I was born in the 70’s and despite that fact I was pretty darn near 30 before I had ever played a video game that used a controller that didn’t look like an upside down “T.” I take that back when I was a teenager my brother had a first generation Nintendo, that he shared with me and yes the magic up, up, down, down, left, right, left, right, B, A select start does actually means something to me. Then again so do iddqd and idkfa. Despite that nearly useless knowledge, these are not my earliest video game memories. Those come from much earlier.


I don’t remember how old I was when I first saw it, that magic screen projecting device, but it was the most wonderful thing I had ever seen. It was two and a half hours away from my house, and it belonged to my older cousins, but my brother and I spent many a night talking across the room ab out how wonderful it was to play Pacman.

It didn’t matter that we never had enough play time to make it past level 1. It didn’t matter that every time we got our hands on the controls that we had deal with the hoard of screaming people in the room telling us which way we should go and how we should watch out for that ghost right there. Can’t you see it are you blind? You are headed right for it! It didn’t matter that one half of the controller set had been modified for a lefty and you had to play left handed or the fire button was just totally in the wrong spot. (Something I still thank them for since I can now do most things with both hands.) What mattered was that we got to play. And the stories we would tell each other about that time were no less than legendary.

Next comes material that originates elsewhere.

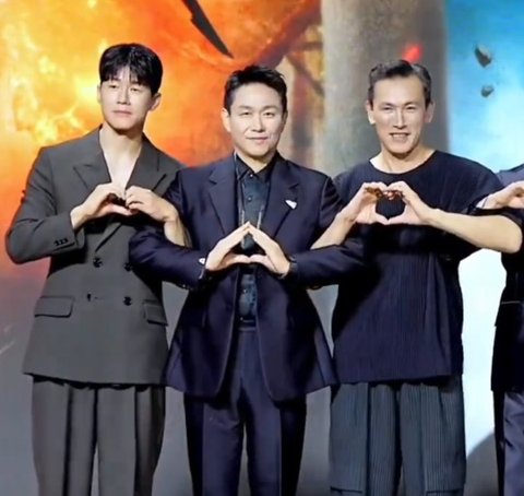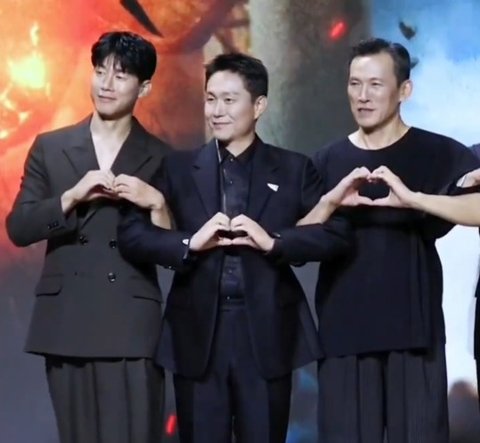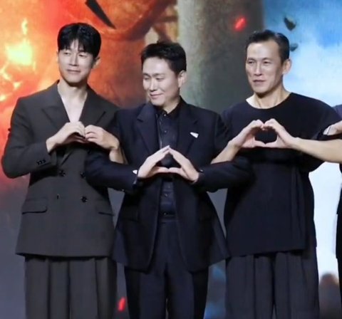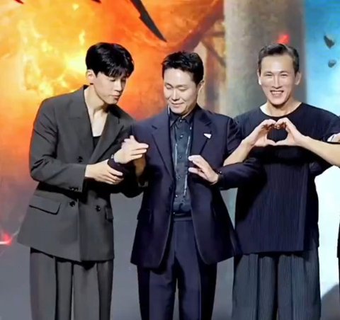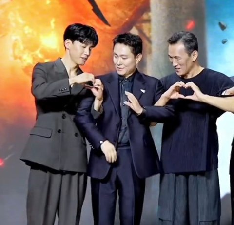 옆에 유오성은 완벽하게 하트를 만듦

You see my cousins where the first people we knew that had a video game. We had seen them at stores and begged our parents for quarters to play them, but this was an actual system in their home and you didn’t need quarters, you just needed to wait your turn. Sometimes the line was long enough that you could have earned that quarter, but it was always worth it to sit in that darkened basement and play the three turns you got being eaten by ghosts well before you could leave the bottom half of the screen.

After that, we did eventually get a “computer.” It was a Texas Instruments 80 with a sound modulator and tape recorder back up. We had three games at first, Hunt the Wampus, a version of space invaders and PARSEC! But there was that tape backup and it had to be used.

My father was an engineer, at the time working for the Air Force, and was the first computer nerd that I ever knew. He had a plan for us. We were going to learn to write BASIC code. He got us several books, and showed us how we could follow the instructions to write our own choose your own adventure games. He even taught us how we could take instructions from one program and put them in another program so that you could have a cooler more complicated game. It didn’t take long before I was writing my own very primitive games. Heck I even wrote one that used the joystick in a very limited way, but it used it.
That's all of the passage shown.